Simplification is the secret sauce! Seriously, you don't need a desk full of a million loose papers or a phone stocked with 50 apps you don't use. I saw a significant jump in my productivity when I began clearing my life, home, and work of the unnecessary. Here's how you can do the same:

  • Konmari your house- This book was a complete life saver for me. It takes you through every step necessary to get the junk out of your trunk (a.k.a your life, girl.) If you aren't ready for such a significant purge, take baby steps. Start with your clothes, then your office, and move on to other aspects of your house. I like to remind myself that simply re-organizing is pretty much finding new ways to " hide" or "horde" my belongings. Unless it comes to books. I don't care what anyone says, you can never have too many of those babies.
  • Turn off ALL of the notifications - yep I mean emails, tweets, instagrams, facebooks, pinterests, etc. You don't have to know the second someone hits you up. This will free up more time and save you from fighting the impulse to " just see what the notification was, really quick". Instead, pick a time block or two during the day to dedicate to checking everything.
  • Organize your files. My computer used to be a complete and total file wasteland. I went through and spent a good few hours finding a home for every single file, photo, and document. I deleted everything I didn't need and now when I open my computer, I'm no longer overwhelmed with the sight of my electronic junk.

Set Daily Affirmations

There are lots of ways you could do this. You could write them down on flash cards, print them out on pretty paper and hang on your vision board, create a Trello board dedicated to your goals and affirmations, or do what I do - write them out in your journal. And, yes I'm totally serious! Creating affirmations and reading them/saying them aloud has done AMAZING things for me and my life and writing. The universe wants to help you, you just have to tell it what you want. Here are a few examples of affirmations I like to use:

  • I will get 10 new subscribers to my newsletter today.
  • I will write 4k works this week.
  • I am a creative powerhouse and am able to write an amazing novel.
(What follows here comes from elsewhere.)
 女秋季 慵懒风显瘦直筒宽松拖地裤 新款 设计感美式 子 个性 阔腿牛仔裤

You may be thinking that this sounds silly, but just try it. Proclaim what you want to the universe over and over, change them with time if you need to, and see what amazing things happen.
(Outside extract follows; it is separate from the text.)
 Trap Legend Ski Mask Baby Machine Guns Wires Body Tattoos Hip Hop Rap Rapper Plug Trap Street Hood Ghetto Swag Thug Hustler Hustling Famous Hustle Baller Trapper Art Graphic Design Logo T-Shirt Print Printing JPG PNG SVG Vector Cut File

Don't Edit While You Write

This was such a hard one for me to get the hang of. It is extremely hard for me to write a first draft without wanting to go back every two seconds and re-work what I just wrote. So, I totally get it. But, guess what? That is the opposite of best practice when it comes to getting that first draft completed. Your mindset needs to be in a completely different state when you are writing than when you are editing and it's a productivity killer when you flip between the two so frequently.

When I get that itch to edit something or go back, I make a point to remind myself that the first draft is all about FINDING your story. Write down anything and everything. Every scene and every thought. It doesn't have to be perfect, it just has to be done. Then, after you type that last sentence and take a nice break from the manuscript, it's time to go back through and revise and rework things if necessary.

Know Yourself

What are your goals? Why are you even writing in the first place? Friend, when times get tough or you feel that spark of creativity and passion dulling, knowing WHY you are doing what you are doing is so important in keeping up the momentum.

If you don't know where you are going, how do you expect to ever actually get there? I encourage you to take some time to figure out your why and craft your legacy as a creative writer.

When times start to get tough, it can be easy to decide to give up completely. Knowing this information can help you bring you back to center, re-align, and continue on the path to goal crushing.

Systems & Schedules

This is one of my FAVORITE things to talk about so I could go on and on here. But for the sake of keeping this post in a good readable length, I'll share five of my favorite tips with you.

  • Keep all your eggs in one basket - as an author and writer, your resources can quickly become overwhelming if you are keeping everything in separate places. Having notebooks here, papers there, files in two separate drives, and a schedule somewhere else is no way to be organized. You need a centralized hub where you go to find everything you need. For me, that place is Trello. It's free. It's amazing. I absolutely swear by it. But, more on that a different day.
  • Create workflows. Workflows for social media. Workflows for newsletter writing. Workflows for blog post writing. Workflows for Youtube videos and vlogs. Workflows for Podcast episodes. Whatever you do and do often - you need a workflow for it. Checklists and to-do lists are an anuthorpreneur girl's best friend.
  • Automate what you can. Have survey answers sent to a spreadsheet. Use ITTT to send your Instagram posts to Twitter for consistent content. Things like this free up more time for writing so you can spend less time doing tedious tasks.
  • Write consistently. And stick to whatever schedule you place for yourself. Now, I'm not going to preach about writing every single day because as a mom, wife, entrepreneur, and human begin I know that sometimes that is impossible to achieve BUT dedicate an hour or two three days a week to write and then DO IT.
  • Batch process. There is more to a writing career than just writing. Have yourself a batch day where dedicate yourself to a single task and get that stuff done. For example, you can have a blogging day, a recording day, or a batch day you spend updating your website. When you have an entire period dedicated to just ONE thing and you aren't attempting to multitask #allthethings, you get so much more done.

Track Your Progress

I  LOVE being able to look back and see what I've accomplished. When you can actually SEE the work you've done, you are much more motivated to keep doing what needs done. One of my favorite and most used apps on my phone (and computer) is called Toggl. Each time I sit down to do a writing session, I click the timer button and track exactly how much time I'm writing. I do the same when I'm outlining or writing blog posts or creating products. This way, I can see exactly how much time I've spent doing what and where I'm spending the most of my energy.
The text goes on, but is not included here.